Registration will help us book appointments quickly and easily. When it's time for you to register, you will select your preferred method of communication. This is how we will contact you to book a vaccine appointment.

Registration opens late March 2021. No action is required yet and no one will be able to book their appointment before the registration system is launched.

Step 2: Make an appointment

When you are contacted to make a vaccine appointment, you will be asked to:

  • Complete a pre-screening
  • Select a location, date and time

You will be able to make your appointment online or by phone. 

Step 3: Appointment day

Come prepared to your appointment and arrive a few minutes before your scheduled time. At the immunization clinic you will:

  • Complete a check-in process
  • Get your vaccine dose
  • Wait in an observation area for about 15 minutes

Getting the second dose

People who get their first vaccine dose will be notified by email, text or phone call when they are eligible to book an appointment for their second dose.

Proof of immunization

You will have the option to receive a paper and digital copy of your immunization record card.
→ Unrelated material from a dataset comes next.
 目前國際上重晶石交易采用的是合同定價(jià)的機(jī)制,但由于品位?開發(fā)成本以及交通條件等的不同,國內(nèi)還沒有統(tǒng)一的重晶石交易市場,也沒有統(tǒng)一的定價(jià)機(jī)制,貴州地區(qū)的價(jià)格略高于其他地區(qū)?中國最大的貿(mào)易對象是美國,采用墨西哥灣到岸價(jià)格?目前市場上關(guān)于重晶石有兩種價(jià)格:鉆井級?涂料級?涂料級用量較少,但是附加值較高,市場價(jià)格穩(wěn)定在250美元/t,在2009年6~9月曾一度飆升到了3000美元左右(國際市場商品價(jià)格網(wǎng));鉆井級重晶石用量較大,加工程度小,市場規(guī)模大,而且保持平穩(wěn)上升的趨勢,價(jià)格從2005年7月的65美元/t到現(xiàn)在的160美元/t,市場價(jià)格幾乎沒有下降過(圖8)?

We recommend registering for Health Gateway, where your digital immunization record card will be available only after you receive the vaccine.

Note: Health Gateway is not a source of vaccine or immunization information. 
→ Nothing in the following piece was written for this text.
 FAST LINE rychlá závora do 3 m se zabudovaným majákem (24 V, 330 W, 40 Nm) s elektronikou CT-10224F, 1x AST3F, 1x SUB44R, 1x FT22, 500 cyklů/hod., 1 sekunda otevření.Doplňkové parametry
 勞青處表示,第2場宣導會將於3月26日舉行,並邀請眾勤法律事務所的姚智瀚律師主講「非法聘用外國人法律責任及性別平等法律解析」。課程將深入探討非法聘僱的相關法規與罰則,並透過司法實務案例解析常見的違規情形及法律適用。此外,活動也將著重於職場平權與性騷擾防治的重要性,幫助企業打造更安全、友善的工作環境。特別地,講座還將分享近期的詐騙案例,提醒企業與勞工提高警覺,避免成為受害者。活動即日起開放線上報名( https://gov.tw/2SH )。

Your immunization record will be also be stored in the online provincial database, accessible to you, public health and your doctor.

Example of a paper immunization record card:

Community immunity

Vaccines do more than protect you from COVID-19, they also protect everyone around you. The more people in a community who are immunized against COVID-19, the harder it is for the virus to spread.
Community (herd) immunity could be reached when a large majority of people in B.C. are immunized against COVID-19. When you choose to be vaccinated against COVID-19, you are helping save lives by protecting your household and your entire community from the virus.

Lifting restrictions

Lifting current restrictions will be based on many factors, including:

  • Number of people immunized and level of community immunity
  • Number of COVID-19 cases in the province
  • Health care system capacity

Layers of protection

Going back to normal life will take time. Even if you have received the vaccine, you must follow provincial health orders and protect others by:

  • Washing your hands
  • Staying home when sick and getting tested
  • Keeping a safe distance from others
  • Wearing a mask in public indoor spaces

Together, we can keep each other safe.